Hi everyone is there any news on this?


----------



## catcoonz (Aug 4, 2012)

No news as yet, i hope rspca dont have her.


----------



## tigerboo (Jan 30, 2013)

I feel the same


----------



## CaninoAnimalRescue (Oct 8, 2012)

Ok Thanks Cc I'll take them both on as and when needed, I can meet halfway etc for transport & Im sure if there's any problems with them mixing I can sort something out. Just let me know when & where he is  x


----------



## ribbon (Apr 16, 2012)

Just so everyone knows I'm not getting any response from the seller. I've left a voicemail and a text message so hopefully they're just at work and will get back to me later. For now, we wait...
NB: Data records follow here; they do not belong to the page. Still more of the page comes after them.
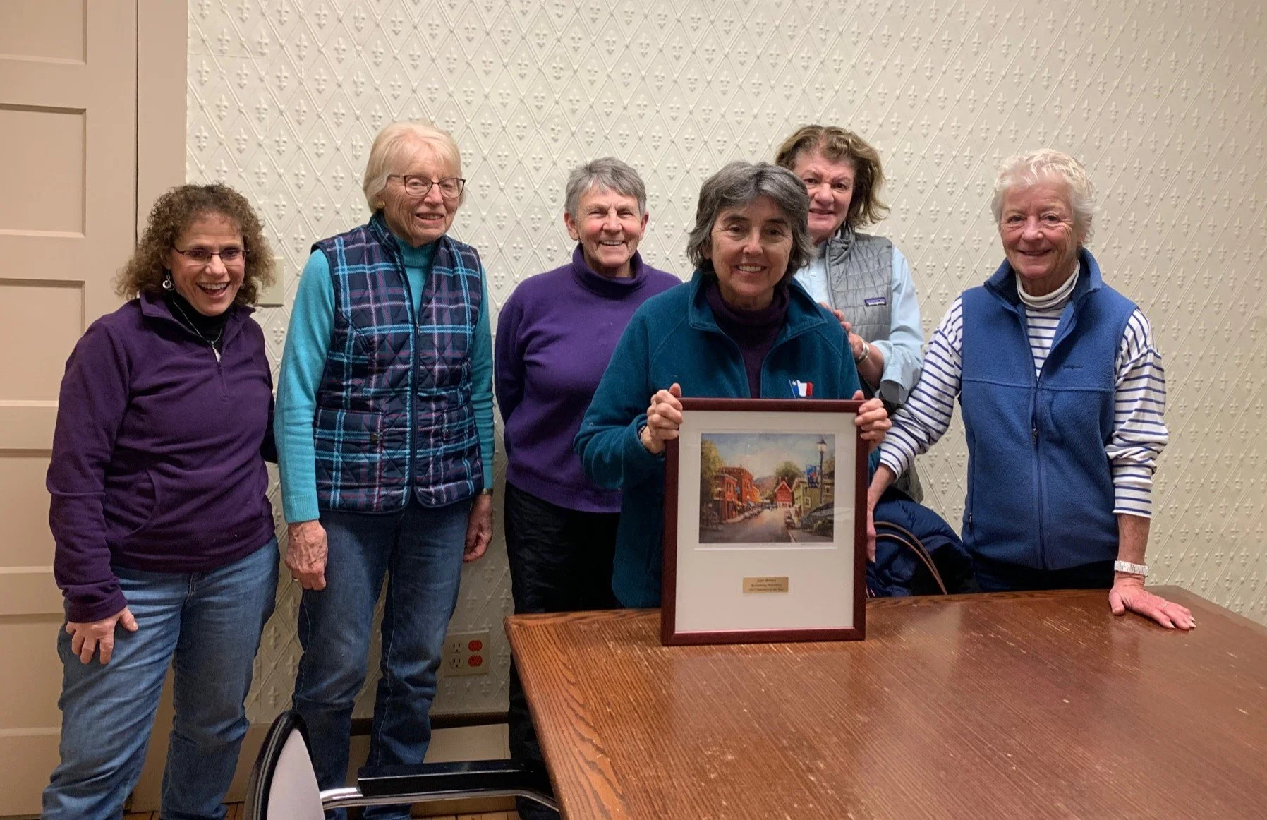 Along with members of the Revitalizing Waterbury Design Committee, Jane Brown (center) accepts her 2023 Volunteer of the Year Award, a framed print of a painting of Stowe Street by artist Peter Huntoon. Left to right: Debbie Bard, Sue Johansen, Marie Gervais, Brown, Carolyn Fox and Julie Frailey. Photo courtesy of RW
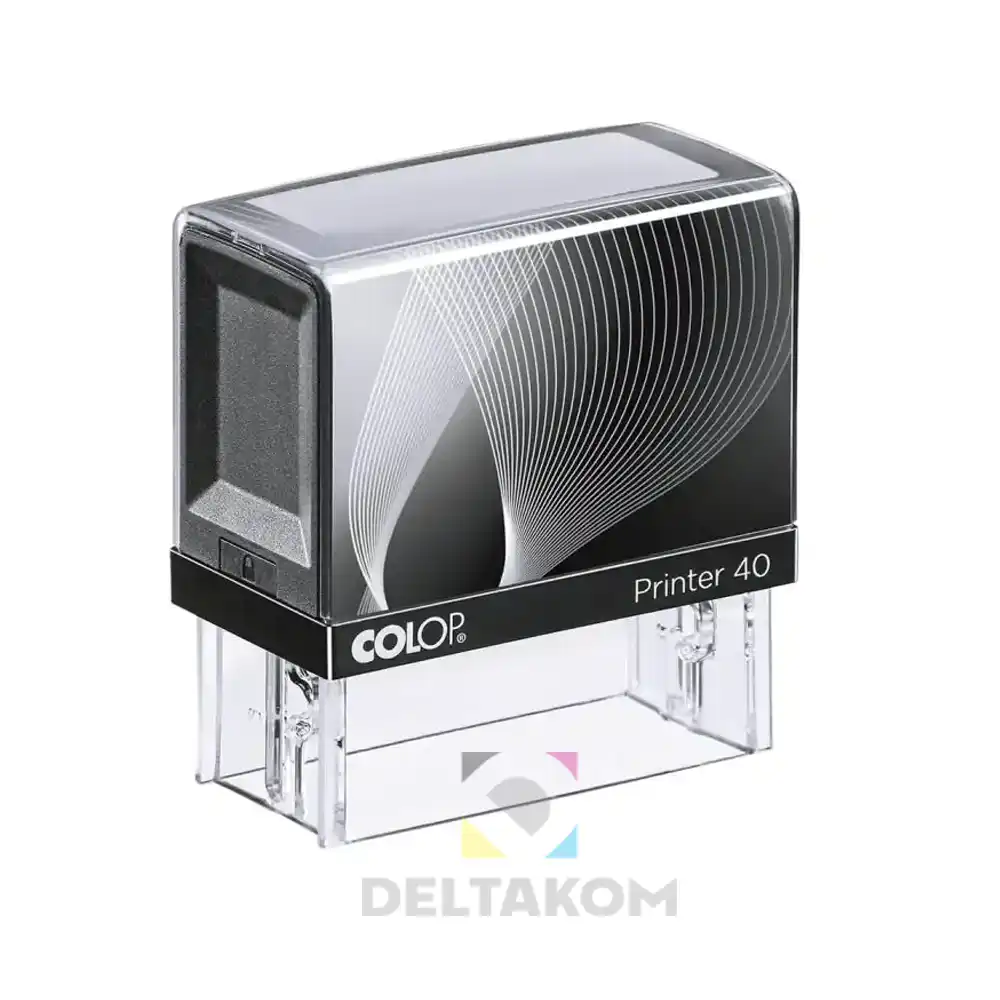 Štampiljka Colop Printer 40 črno ohišje z odtisom 23 × 59 mm in do 6 vrstic besedila. Samobarvna štampiljka z vgrajeno blazinico za profesionalno uporabo.
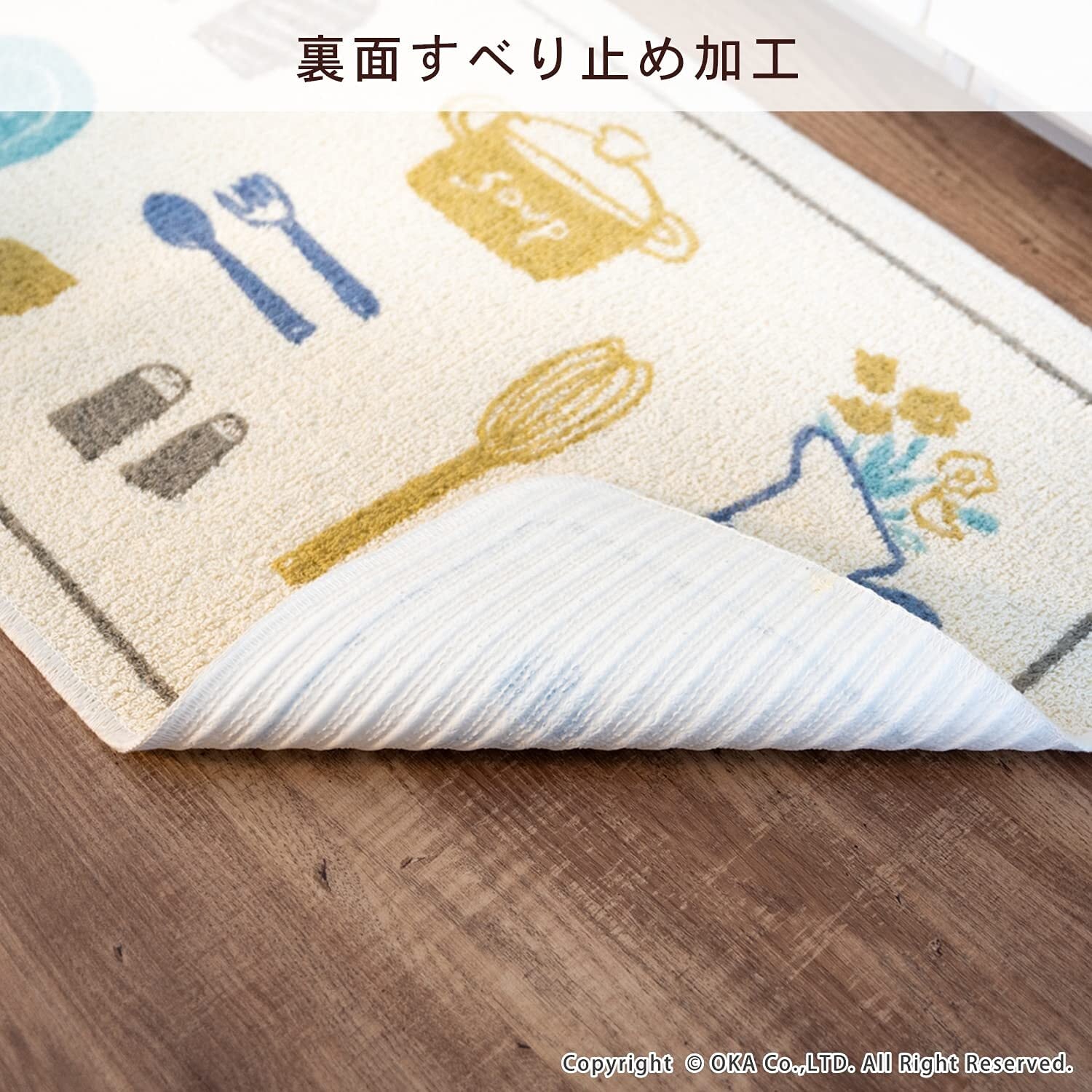 オカ(OKA) ビストロ キッチンマット 約45cm×180cm ブルー (台所マット 日本製 すべり止め)
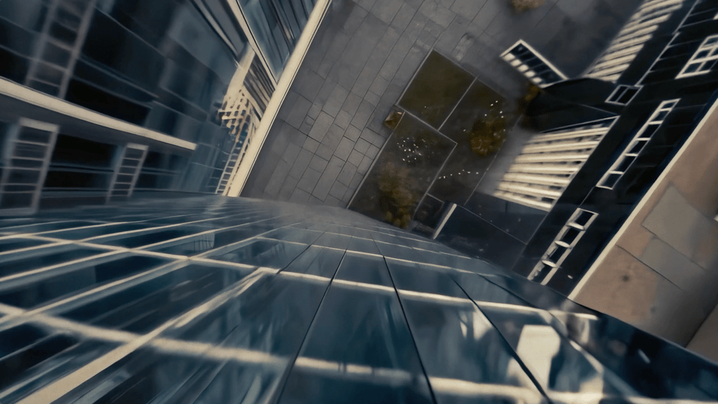 reality and subjective perception of time decouple. A woman appears to be falling over the edge of a building. Then the camera glides down the facade of a high-rise in super slow motion, as if it were her point of view. An endless fall, frozen in a perpetual loop. Reflections refract the space, stretching and distorting past and future. Finally, the perspective changes: we see a woman from behind, observing a female body in the act of falling. A frozen moment between observation and projection, between reality and reflection. The work plays with the paradox of time: a single instant becomes eternal, while the inevitability of the fall remains trapped in repetition. Past, present and future overlap: Time becomes the scene of a perpetual motion in a state of standstill. The viewers find themselves in a state between observation and immersion , as if they themselves were entering the stretching of time. The fall happens not only on the screen, but in the room, in the mind’s eye.
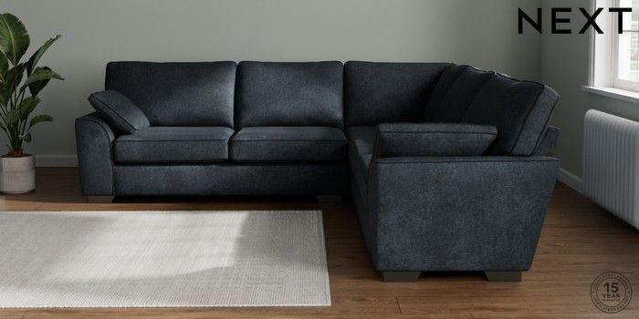 7.2.10 Stamford Large Corner Sofa - Universal Plush Chenille Slate Blue Large Square Angle - Gunmetal | Made Click here to use our website with more accessibility support, for example screen readers
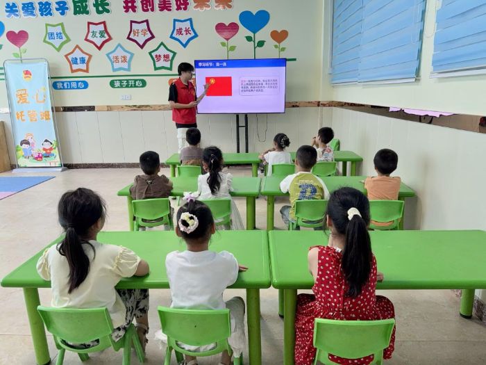 與此同時,王家坪村委會的課堂則聚焦紅色教育與實踐能力培養。紅色文化課上,隊員們講述的革命先烈奮斗故事,如春雨般浸潤孩子們的心靈。當聽到先烈們為理想拼搏的歷程時,孩子們瞪圓的眼眸中既有對歷史的好奇探尋,更涌動著日漸升騰的敬意,紅色基因的傳承在專注的聆聽中悄然進行。手工黏土課上,五彩黏土在孩子們手中被捏塑成圓滾滾的“冰淇淋”等可愛造型,孩子們舉著作品展露的燦爛笑容,成為當日最治愈的風景,動手實踐的樂趣與成就感在互動中充分釋放。
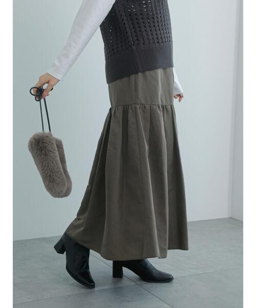ふんわりとしたティアード切り替えが立体的なシルエットを演出するロングスカート。生地にはほんのりと光沢感があり、さらりとした着こなしを楽しめます。ウエストにあしらわれたドローストリングでサイズ調整できるのもポイント◎トップスをタックインしたメリハリのあるコーディネートがおすすめです。※商品画像は、撮影環境やお客様のご利用のPC・スマートフォンのモニター環境などにより実物と色味に差異がある場合がございます。【その他採寸】F ウエスト:[ゴム仕様]66cm
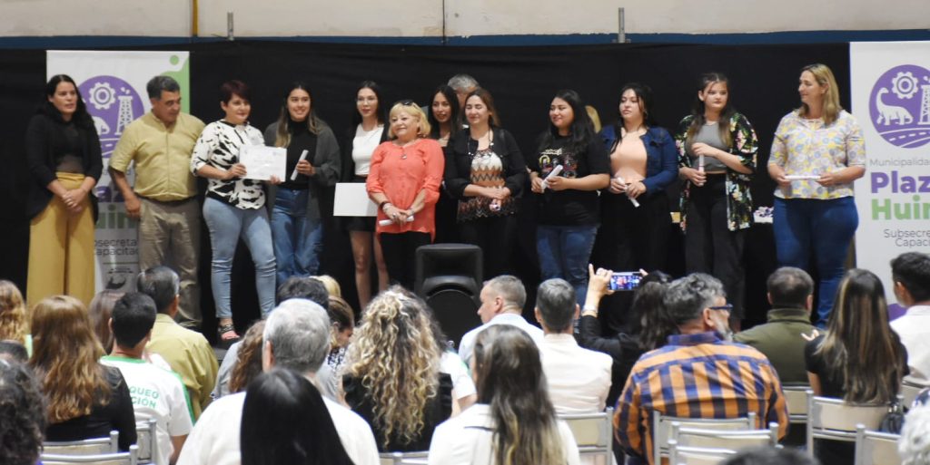 La ceremonia de fin de año del Centro Municipal de Capacitación y Entrenamiento Municipal, dependiente de la Subsecretaría de Capacitación de Plaza Huincul, se desarrolló en Club Plaza con la entrega de más de 500 certificados de finalización de curso en distintos rubros: corte y confección, bordado chino, muñequería y manualidades, taller Navideño, pintura, decoupage, tejido.
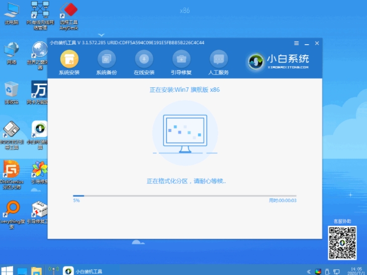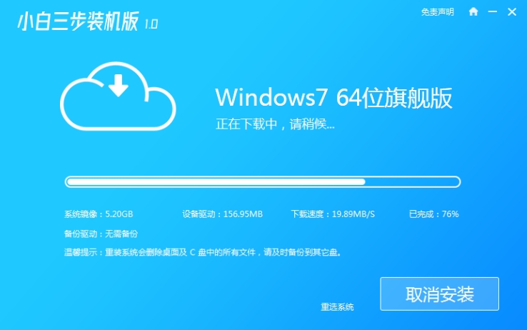1. 在白系统干事网络上,我们将下载和启动小白三步安装程序,然后选择Win7旗舰系统在主页上安装。

I can help with transport too so meet someone halfway or whatever when and if things get sorted.


----------



## ribbon (Apr 16, 2012)

I didn't receive any response from the advertiser . I really don't understand why someone would put an ad up and then not reply. I hope Fate's ok whatever has happened.


----------



## tigerboo (Jan 30, 2013)

I have to admit i did txt the person yesterday aswell to see if i got a response but like you i had none. I really feel for this cat especiall if she gets in the hands of rspca.


----------



## catcoonz (Aug 4, 2012)

Im not sure how long we have to get this cat, rescue space at Lauren's is filling up fast and another cat also needs the same space.
I think if we dont hear soon the space will be gone then we will all be stuck as i dont have room for another 5 weeks now.
Keep trying and see what happens, i just get so annoyed when people dont get back to let anybody know.


----------



## Guest (Mar 20, 2013)

It did say call anytime. It is rude not to reply. It does not take much to say what has happened and whether she still needs help.


----------